I am booking a hotel for my nephew from China who will be visiting Las Vegas (and US) for the first time. The following hotels are all well priced for the dates he visits. As I have not been there for a while, I am not sure which of the following hotels are in a convenient location and are in decent shape. He will not have a car and will be there for only two days.

Luxor Hotel and Casino, 3900 Las Vegas Boulevard Sou... $48 	
The LVH Las Vegas Hotel & Casino, 3000 Paradise Road...$50  	
The Palms Casino Resort, 4321 West Flamingo Road...$53 		
Elara, a Hilton Grand Vacations Hotel-Center...80 East Harmon...$64 
Hard Rock Hotel & Casino, 4455 Paradise Road...$66 		
Golden Nugget Hotel & Casino, 129 East Fremont Street...$69	
M Resort Spa Casino, 12300 Las Vegas..., Henderson, NV...$76	
Monte Carlo Resort and Casino, 3770 Las Vegas Boulevard Sou...$78	
The Signature at MGM Grand, 145 East Harmon Avenue...$79	
Rio All-Suite Hotel and Casino, 3700 West Flamingo Road...$80		
New York - New York Hotel & Casino, 3790 Las Vegas Boulevard Sou... 	$83 
Tropicana Las Vegas...$90
TI - Treasure Island Hotel and Casino...$100

Note: prices are before tax and fees.


----------



## daventrina (Sep 22, 2012)

LisaH said:


> I am booking a hotel for my nephew from China who will be visiting Las Vegas (and US) for the first time. The following hotels are all well priced for the dates he visits. As I have not been there for a while, I am not sure which of the following hotels are in a convenient location and are in decent shape. He will not have a car and will be there for only two days.

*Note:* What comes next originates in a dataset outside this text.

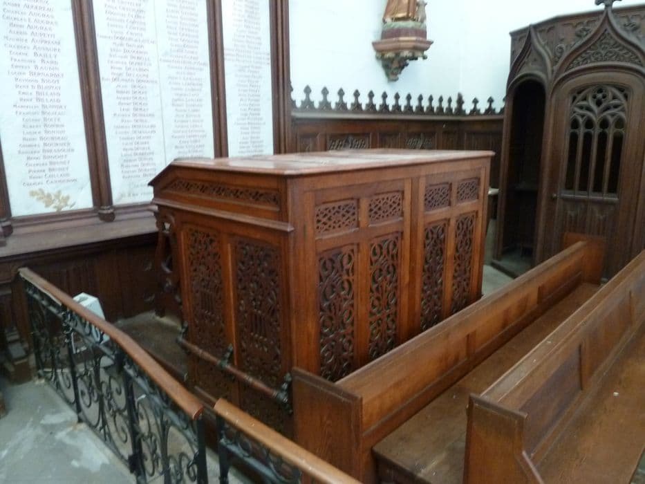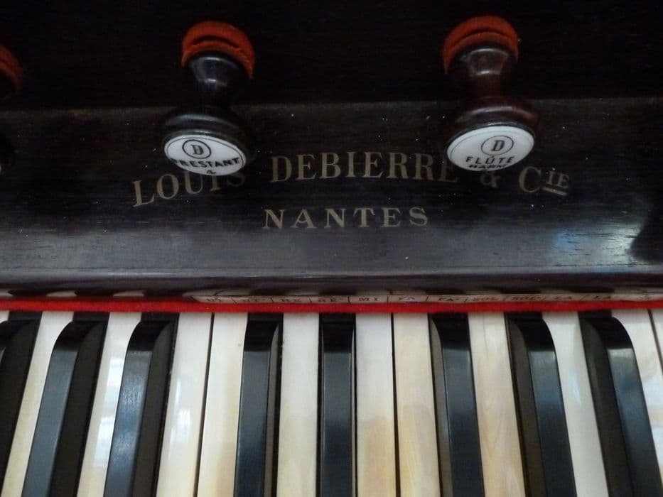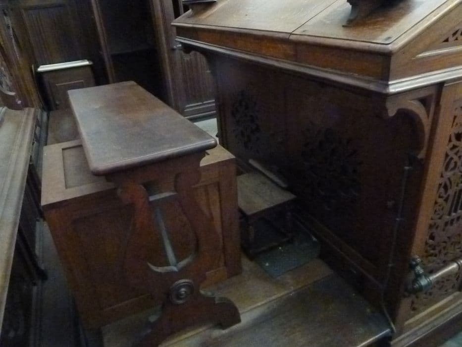 Orgue de mission portatif et positif (que l'on peut poser) avec corps en chêne, banc en forme de lyre.

I would pick them in this order.

Luxor Hotel and Casino, 3900 Las Vegas Boulevard Sou... $48 	
(We try to get a room overlooking the airport so we can watch the planes...)

New York - New York Hotel & Casino, 3790 Las Vegas Boulevard Sou... 	$83 
Monte Carlo Resort and Casino, 3770 Las Vegas Boulevard Sou...$78	

Tropicana Las Vegas...$90
(older, but not a bad location)

TI - Treasure Island Hotel and Casino...$100
(north end of most of the action...)

Hard Rock Hotel & Casino, 4455 Paradise Road...$66 	
A bit out of the action but the 20-30 something party crowd)


----------



## ricoba (Sep 22, 2012)

Luxor Hotel and Casino, 3900 Las Vegas Boulevard Sou... $48 - Strip
The LVH Las Vegas Hotel & Casino, 3000 Paradise Road...$50 - Off Strip
The Palms Casino Resort, 4321 West Flamingo Road...$53 - Off Strip
Elara, a Hilton Grand Vacations Hotel-Center...80 East Harmon...$64 - Strip/Planet Hollywood
Hard Rock Hotel & Casino, 4455 Paradise Road...$66 - Off strip
Golden Nugget Hotel & Casino, 129 East Fremont Street...$69 - Downtown
M Resort Spa Casino, 12300 Las Vegas..., Henderson, NV...$76 - Off Strip
Monte Carlo Resort and Casino, 3770 Las Vegas Boulevard Sou...$78 - Strip
The Signature at MGM Grand, 145 East Harmon Avenue...$79 - Off Strip (by a block)
Rio All-Suite Hotel and Casino, 3700 West Flamingo Road...$80 - Off Strip
New York - New York Hotel & Casino, 3790 Las Vegas Boulevard Sou... $83 - Strip
Tropicana Las Vegas...$90 - Strip
TI - Treasure Island Hotel and Casino...$100 - Strip

I have highlighted the one's I'd choose for him since they are Strip hotels with easy access to all the tourist amenities.  The Signature @ MGM is attached to the MGM, but it's a long walk.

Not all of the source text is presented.